There are difficulties in a laser system with SBS, particularly when multiple SBS cells are used in series for a high-power laser system. As the pulse is reflected from the SBS cell, the temporal pulse shape is deformed so that the reflected SBS wave has a steep rising edge (Shen, 2003). If SBS cells are used in series, the rising edge of the pulse becomes steeper and can cause an optical breakdown in the optical components. For the SBS-PCM, the steep rising edge leads to low reflectivity and low fidelity of the phase conjugated wave in the SBS medium (Dane et al., 1992). Thus, a suitable technique is needed to preserve the temporal waveform of the reflected SBS wave (Kong et al., 2005d).

Figure 10.

a) Proposed system for preserving a temporal SBS pulse shape; (b) experimental setup for this experiment: O, Nd3+:YAG laser oscillator; P, linear polarizer; HWPs, half-wave plates; PBSs, polarizing beam splitters; ISO, Faraday isolator; FR, Faraday rotator; QWPs, quarter-wave plates; PC, Pockels cell; Ms, full mirrors; W, wedge; L, convex lens (f=15 cm); PDs, photodiodes; SBS cell (FC-75, 30 cm long).

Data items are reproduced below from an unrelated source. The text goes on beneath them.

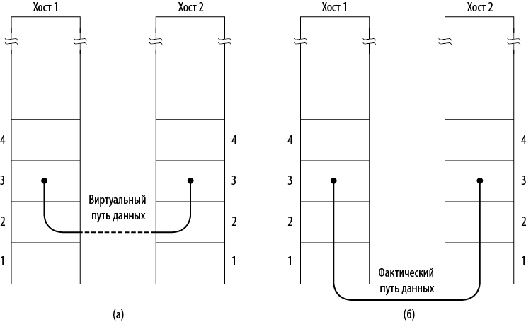 Илл. 3.2. (а) Виртуальное соединение. (б) Реальное соединение
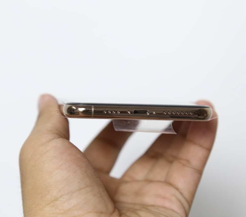 Được tạo thành từ khung thép và bao phủ bởi mặt kính cường lực, các kích thước đo được trên XS Max là 157.5 x 77.4 x 7.7 mm. Cân nặng của chiếc máy này không quá lớn, chỉ khoảng 208 g.
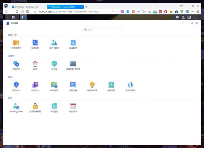 关于群晖DS920+的所有设置选择,基本都包含在“控制面板”内。例如设定自动开关主机、修改QuickConnect、设定共享、开启链路聚合等,主要是细致化的调节选项。
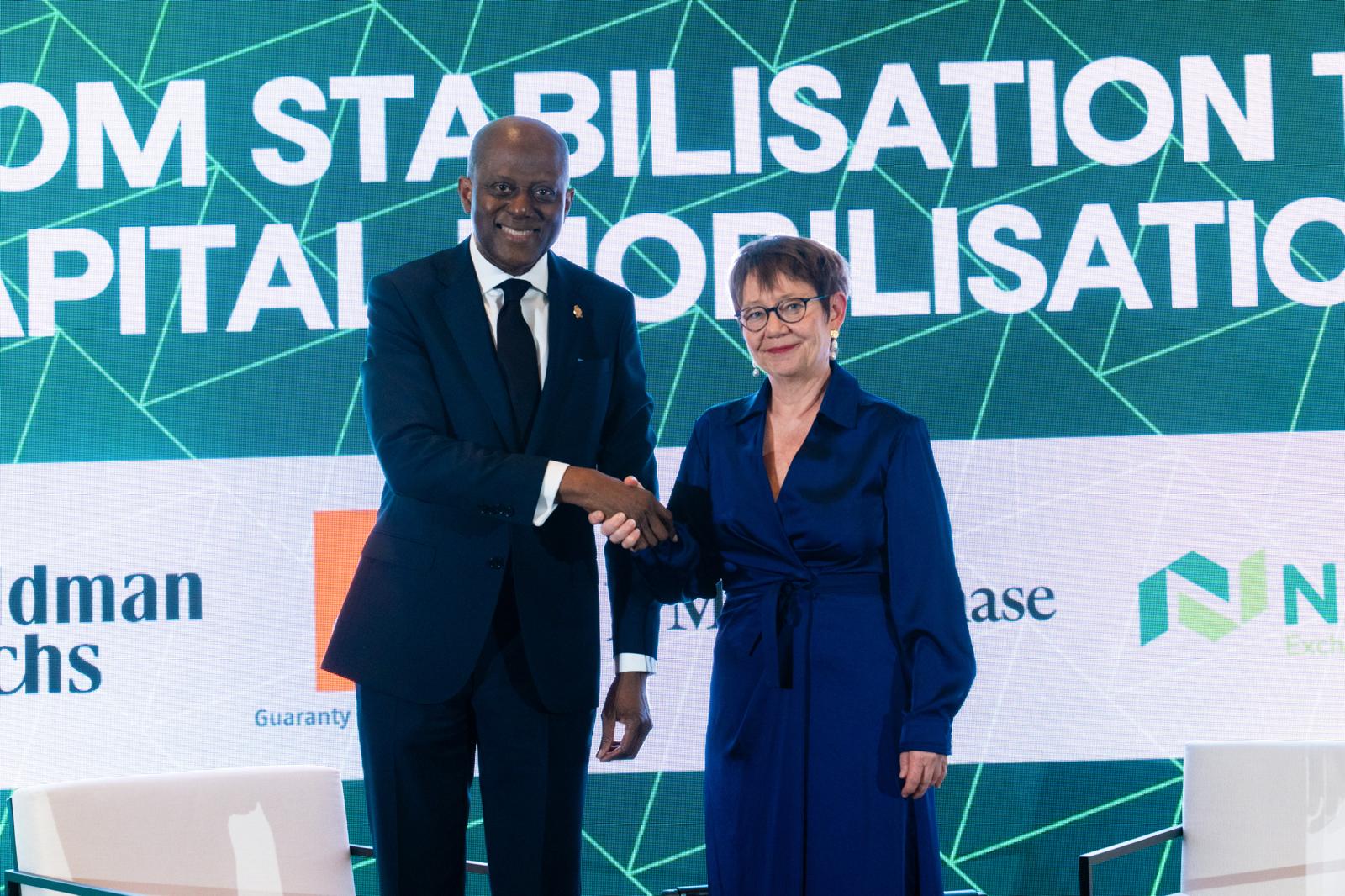 Governor of the Central Bank of Nigeria (CBN), Olayemi Cardoso (left) and President, European Bank for Reconstruction and Development (EBRD), Odile Renaud-Basso, at the Africa Capital Forum (convened under the theme ‘From Stabilisation to Capital Mobilisation’) at the Peninsula, London…on Tuesday.
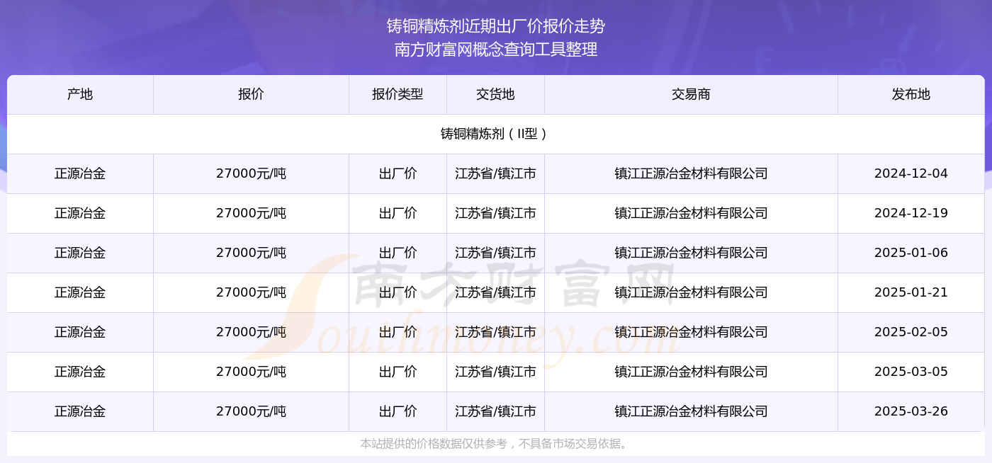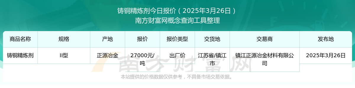 2025年3月26日,铸铜精炼剂(II型)出厂价价格为27000.00元/吨,报价人:镇江正源冶金材料有限公司,交易地点为江苏省/镇江市。
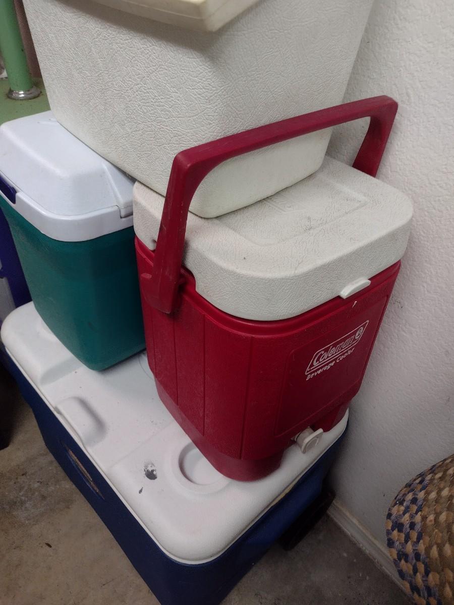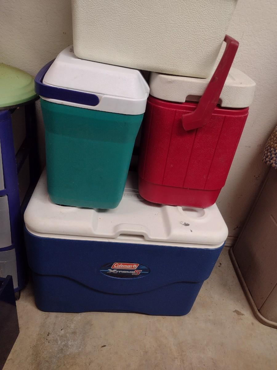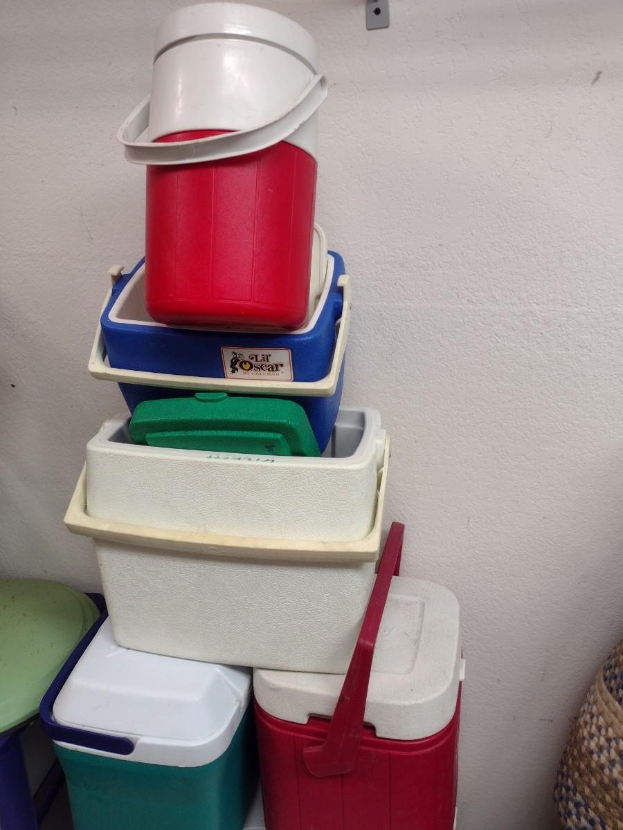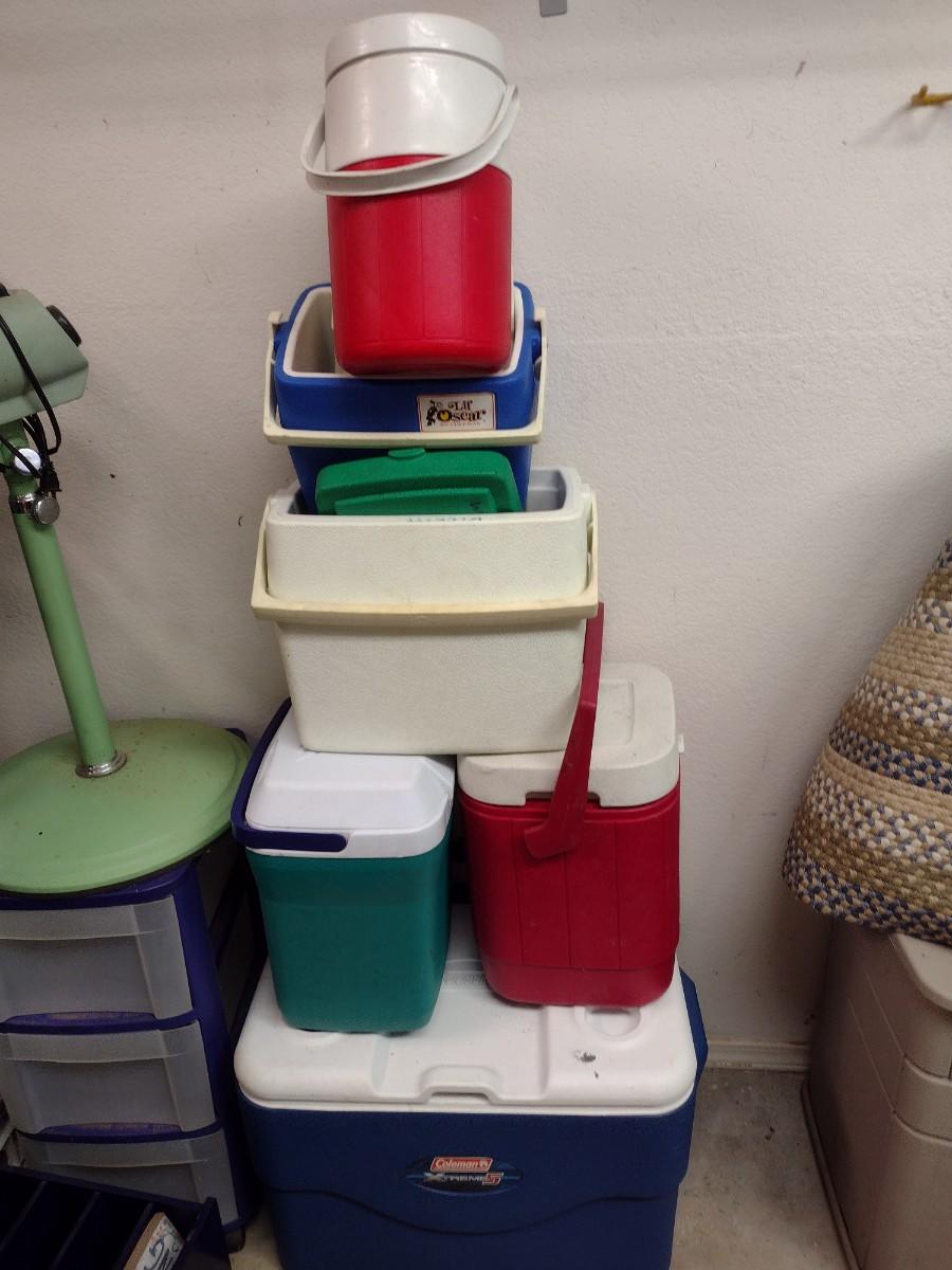 Collection of Coolers Various Sizes Mostly Coleman Brand
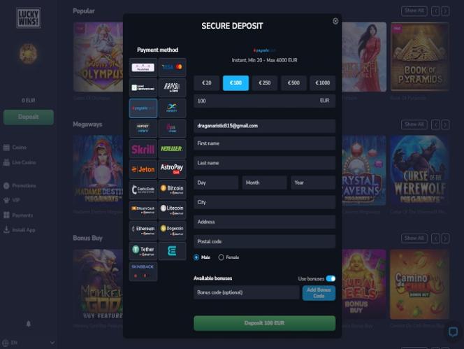 O LuckyWins Casino também oferece promoções e bônus muito tentadores, tanto para jogadores novos quanto para os já cadastrados. Os bônus de primeiro, segundo, terceiro e quarto depósitos, juntamente com o bônus de boas-vindas para grandes apostadores, certamente ajudarão você a começar com o pé direito. Para os jogadores já cadastrados, o cassino oferece diversas promoções sazonais que são renovadas periodicamente, mantendo a experiência sempre interessante para todos.

The loss of the front part of the pumping energy to create the acoustic Brillouin grating is one of the main causes of the deformation. As a solution, the prepulse technique can be used to maintain the temporal waveform. In this scheme, the incident wave is divided into two pulses, the prepulse and the main pulse, and the prepulse is sent to the SBS medium before the main pulse with some delay. When the prepulse is injected before the main pulse, the main pulse can be reflected by means of a preexisting acoustic grating and the reflected pulse waveform can be preserved.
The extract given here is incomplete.